• **EXERCISE PROMPT**:
Write out exactly the lines running from the one with "Щиро вітаємо наших" to the end of the data, including both of those lines and excluding pictures.

• **MATERIAL PROVIDED**:
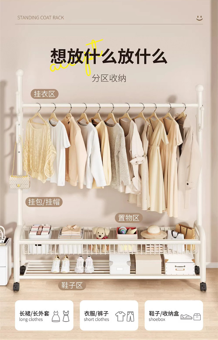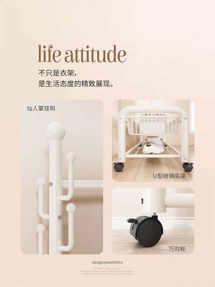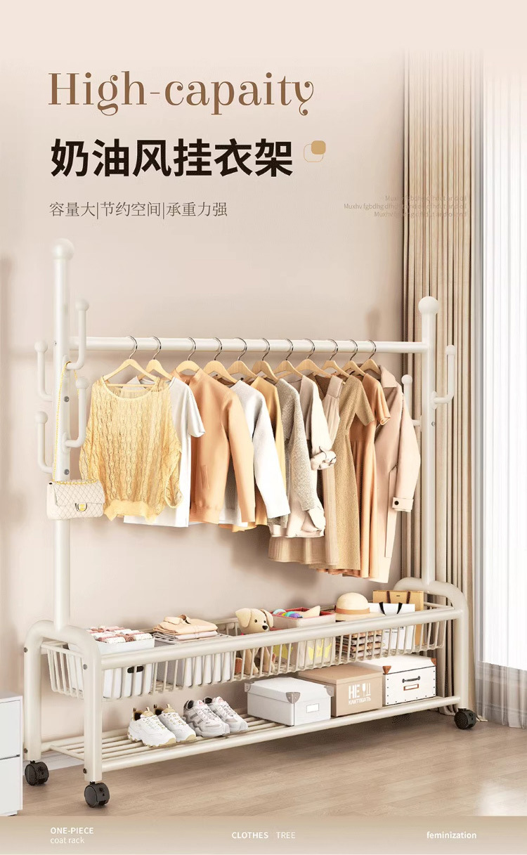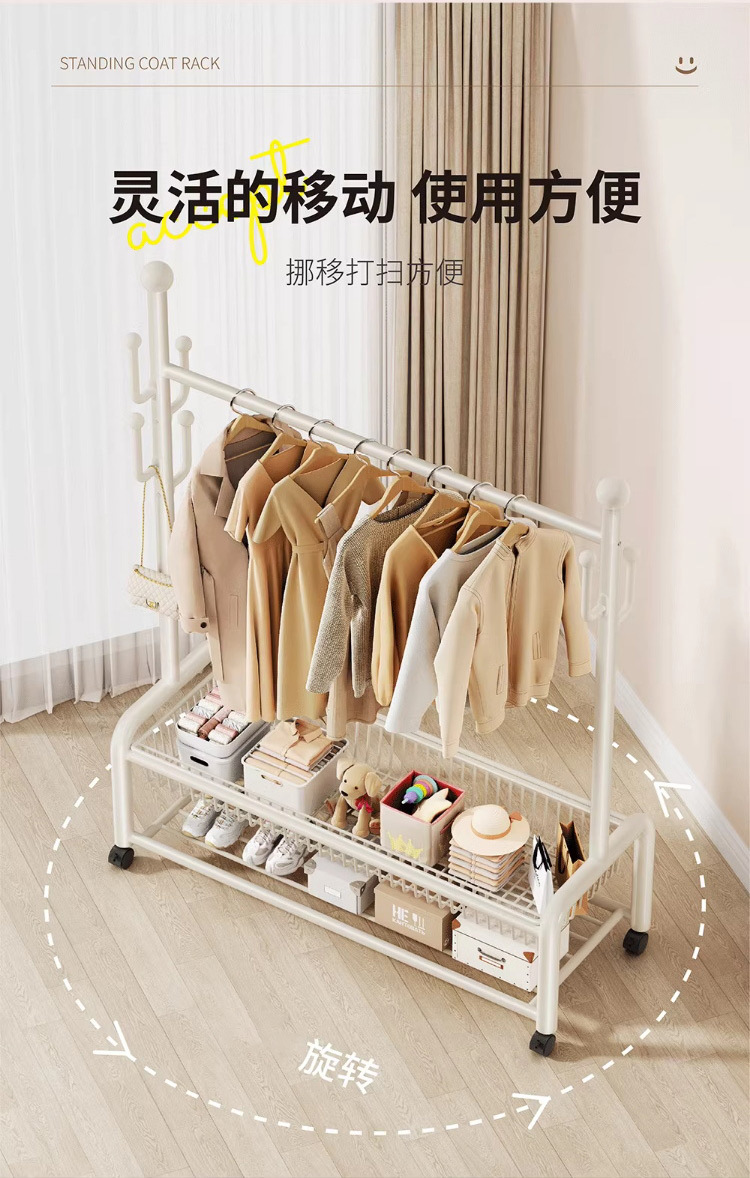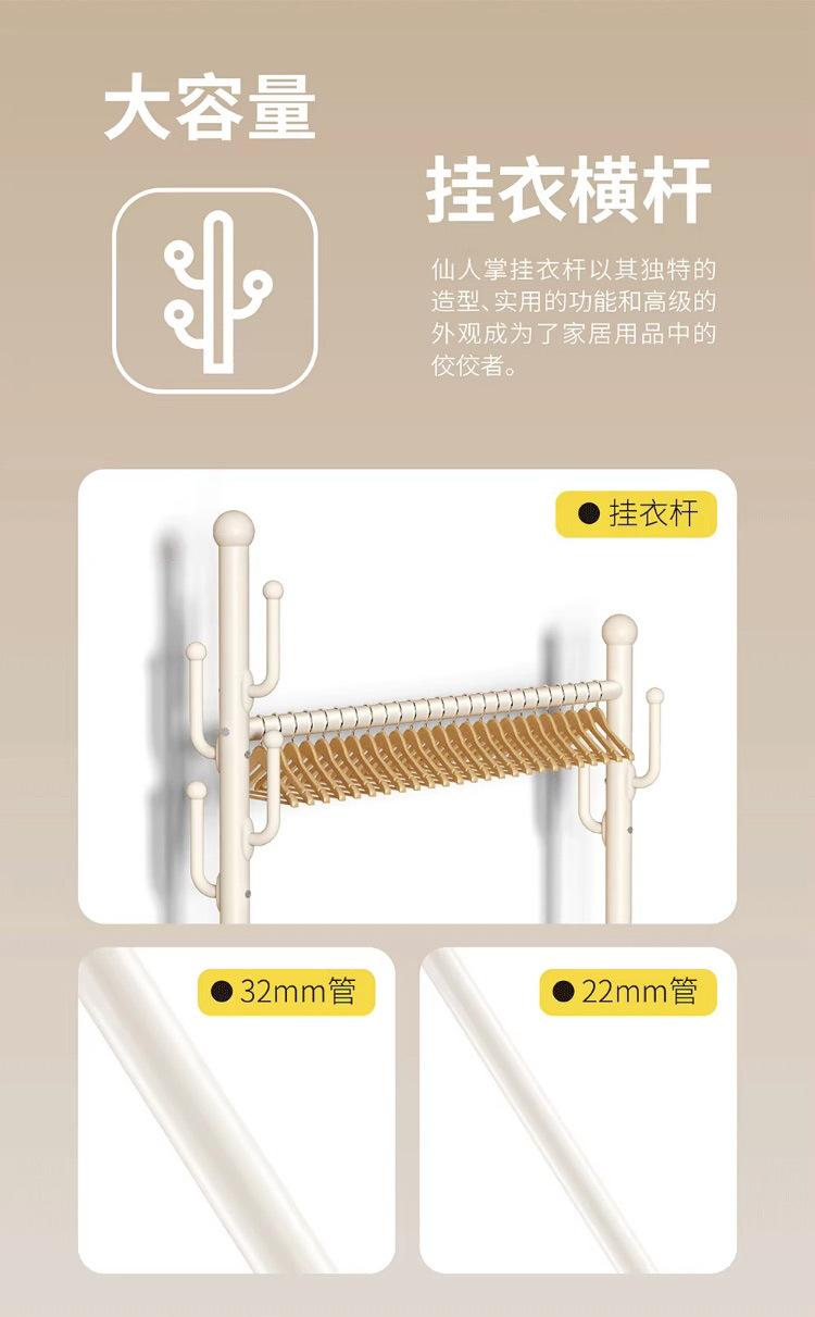 가정용 침실 건조 랙 대용량 편리한 모바일 코트 랙 도매 선인장 프레임 바닥 걸이스토어 가기
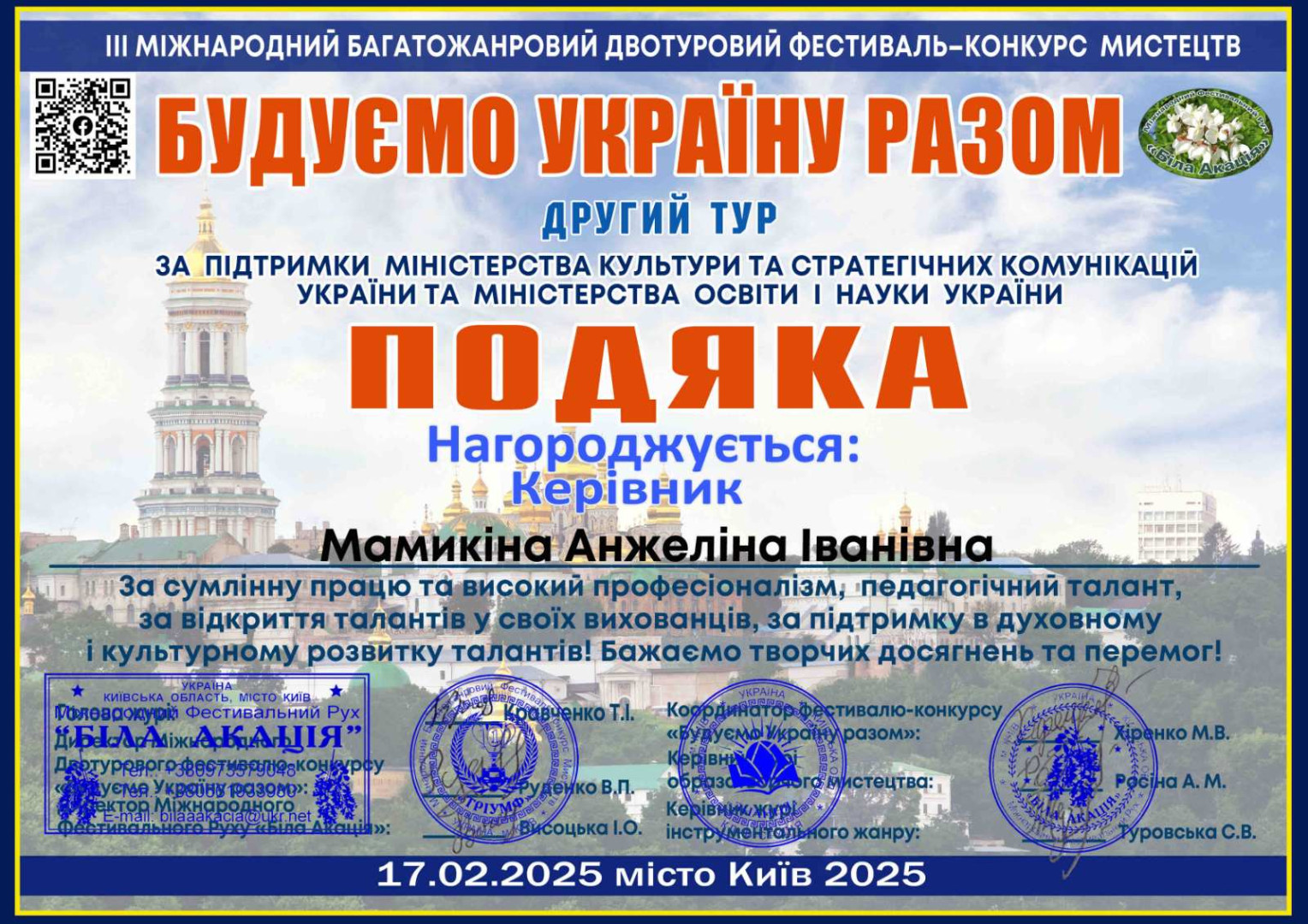 Щиро вітаємо наших перможців та їх керівників і бажаємо подальших творчих успіхів і яскравих перемог під мирним небом України!
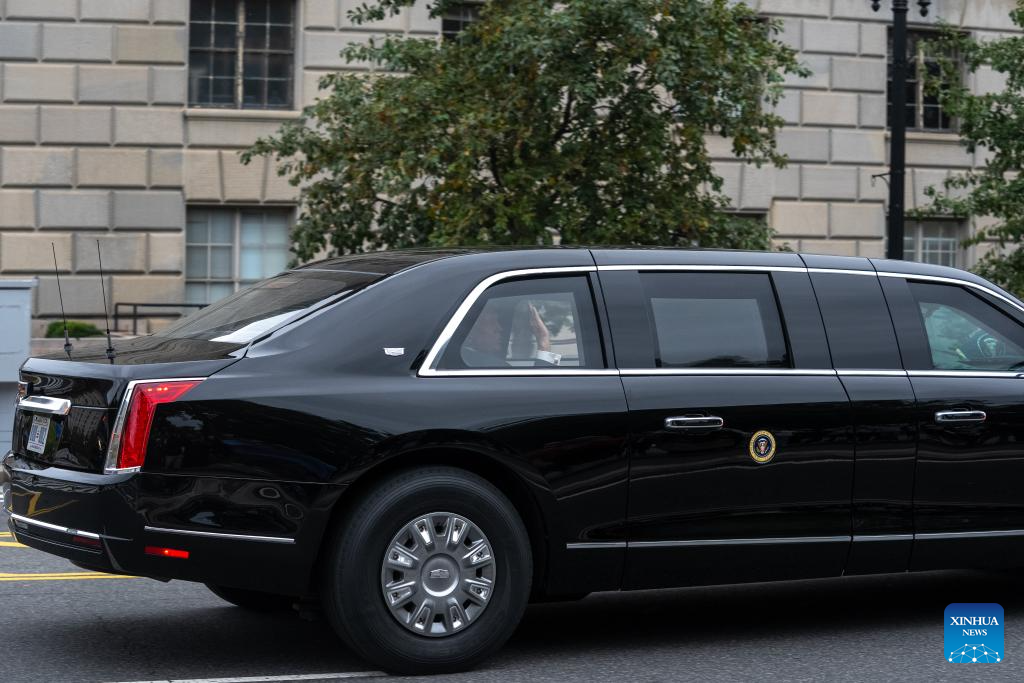 U.S. President Donald Trump waves from his vehicle as he departs the White House for the Middle East, in Washington, D.C., the United States, Oct. 12, 2025. Trump is expected to arrive in Israel on Monday morning. During his brief visit, he will address the Israeli parliament and meet Prime Minister Benjamin Netanyahu and hostage families.

• **WRITTEN RESPONSE**:
 Щиро вітаємо наших перможців та їх керівників і бажаємо подальших творчих успіхів і яскравих перемог під мирним небом України!
 U.S. President Donald Trump waves from his vehicle as he departs the White House for the Middle East, in Washington, D.C., the United States, Oct. 12, 2025. Trump is expected to arrive in Israel on Monday morning. During his brief visit, he will address the Israeli parliament and meet Prime Minister Benjamin Netanyahu and hostage families.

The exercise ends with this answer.